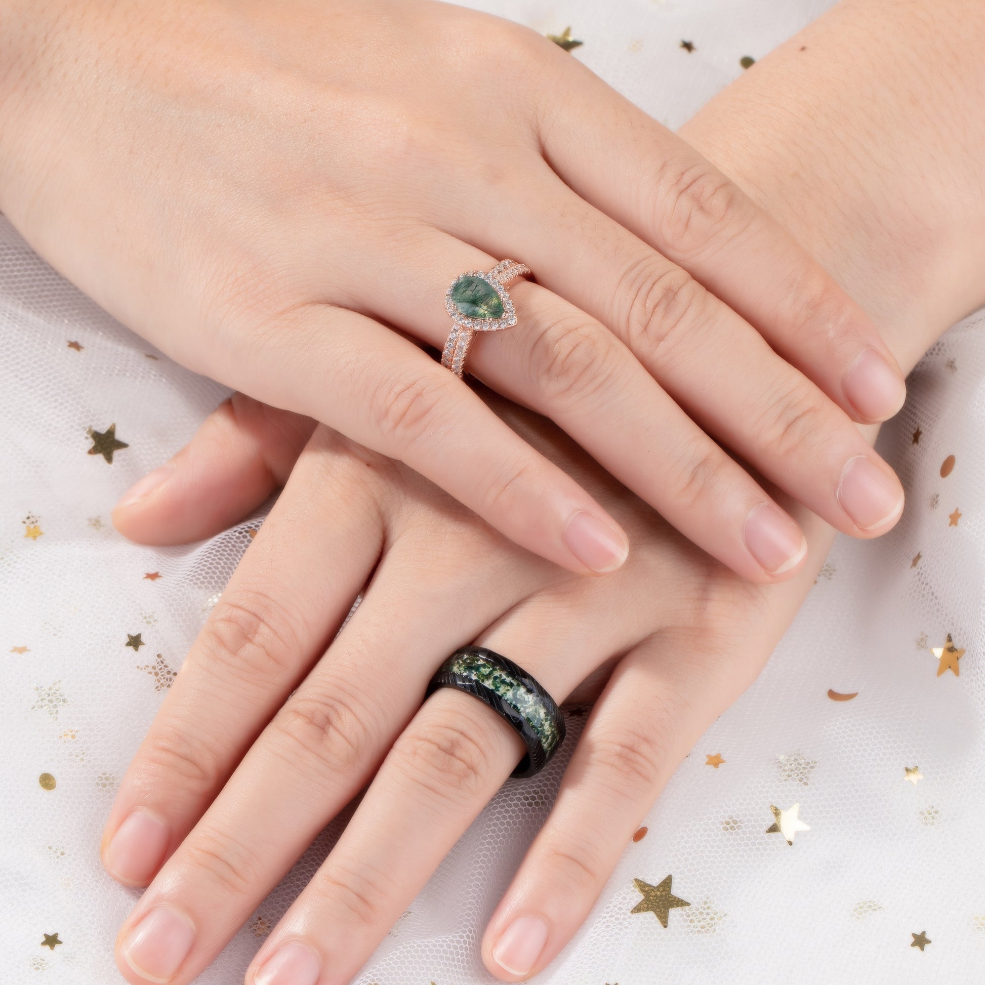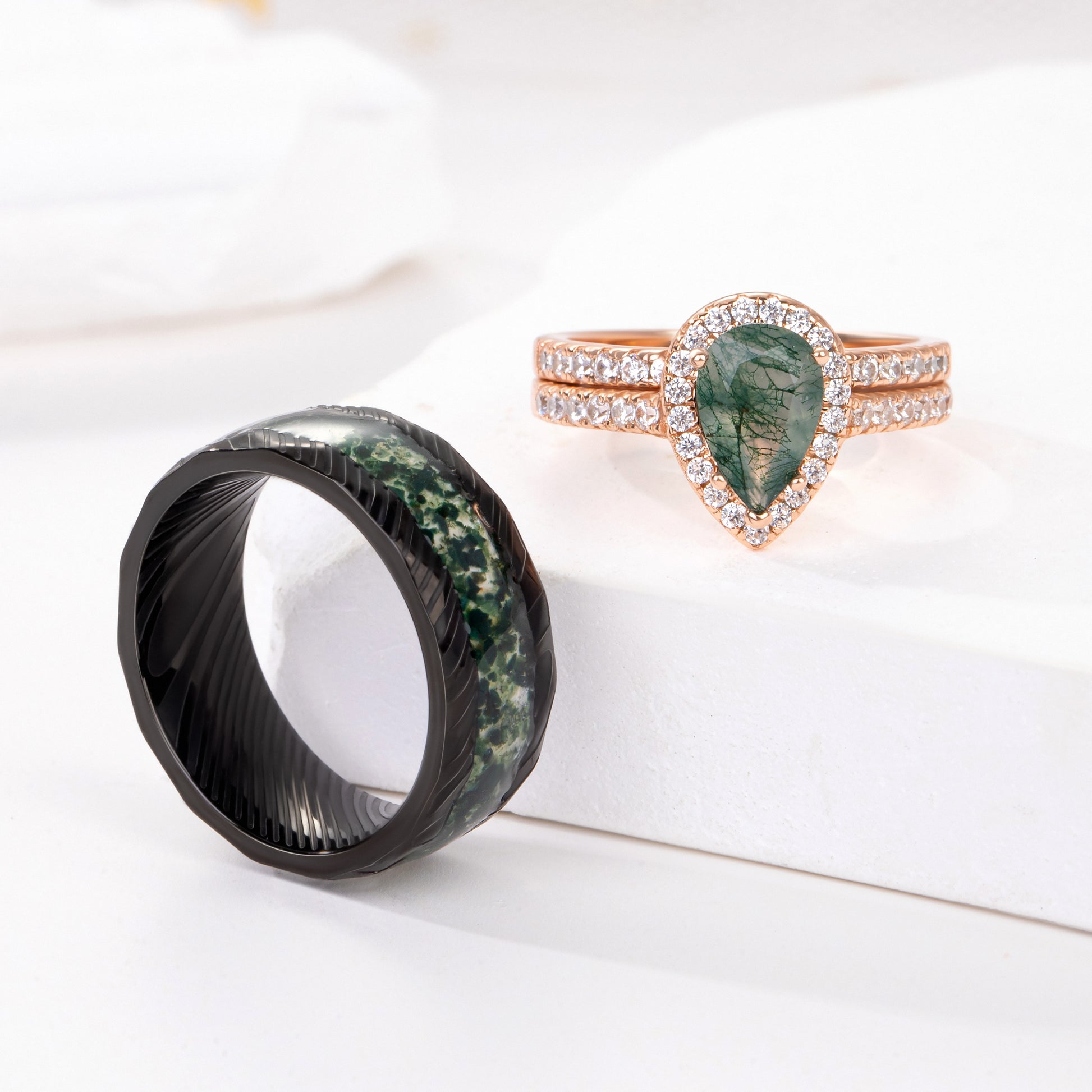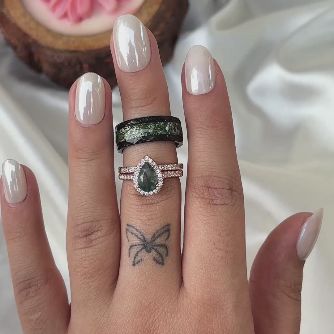The men’s ring, made of durable tungsten, showcases a striking moss agate inlay, seamlessly blending natural charm with modern strength. The rich green veins within the stone symbolize balance, renewal, and a love that stands the test of time.
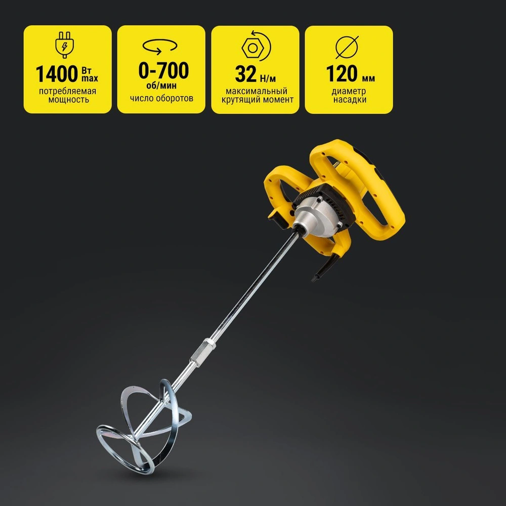 Миксер строительный, 1400Вт, максимальный момент 32Нм, Kolner KEM 120/
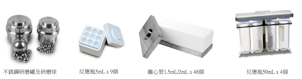 研磨罐尺寸:10mL, 25mL 35mL, 50mL
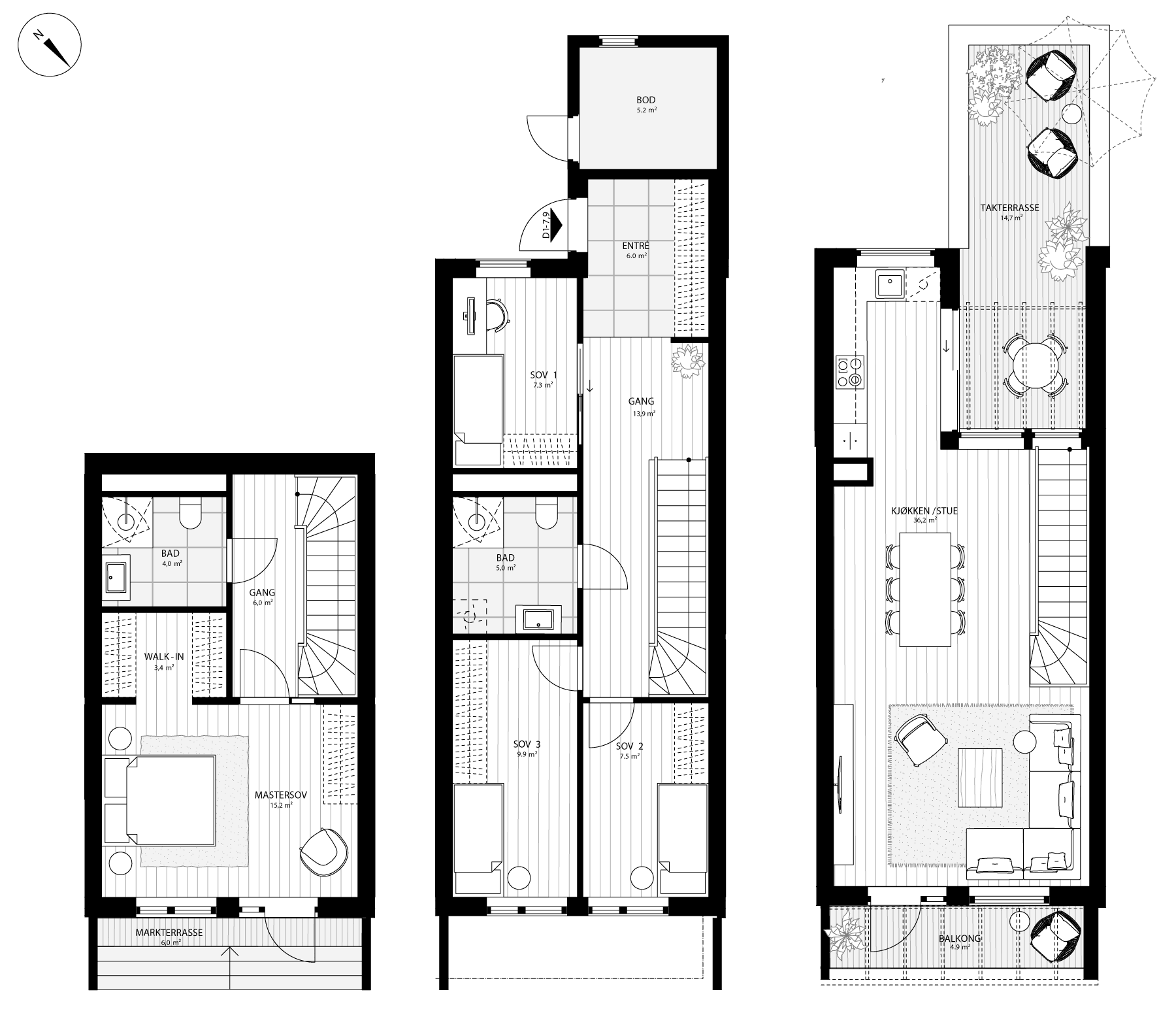 Flott rekkehus med hele tre uteplasser. Boligen har en åpen stue- og kjøkkenløsning i øverste etasje med uteplass på begge sider. Her vil man ha flotte sol- og utsiktsforhold. Boligen har fire soverom og to delikate bad. Sportsbod ved inngangsparti for oppbevaring.
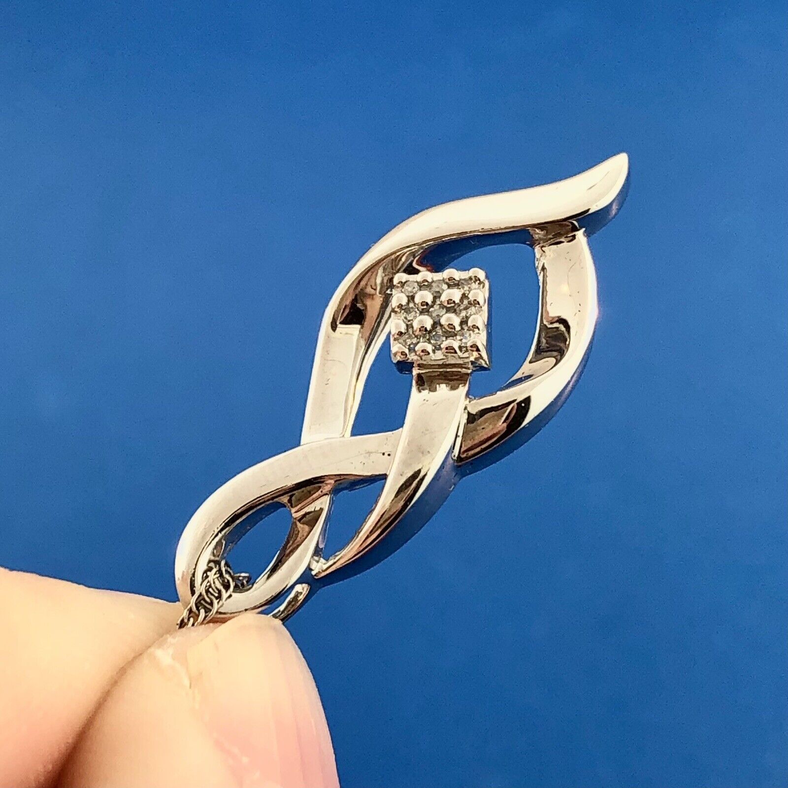 Designer 925 Sterling Silver Diamond Infinity Eternity Anniversary Necklace

§ Exercise goal
Retype the data exactly; images stay out.

§ Answer for this exercise
The men’s ring, made of durable tungsten, showcases a striking moss agate inlay, seamlessly blending natural charm with modern strength. The rich green veins within the stone symbolize balance, renewal, and a love that stands the test of time.
 Миксер строительный, 1400Вт, максимальный момент 32Нм, Kolner KEM 120/
 研磨罐尺寸:10mL, 25mL 35mL, 50mL
 Flott rekkehus med hele tre uteplasser. Boligen har en åpen stue- og kjøkkenløsning i øverste etasje med uteplass på begge sider. Her vil man ha flotte sol- og utsiktsforhold. Boligen har fire soverom og to delikate bad. Sportsbod ved inngangsparti for oppbevaring.
 Designer 925 Sterling Silver Diamond Infinity Eternity Anniversary Necklace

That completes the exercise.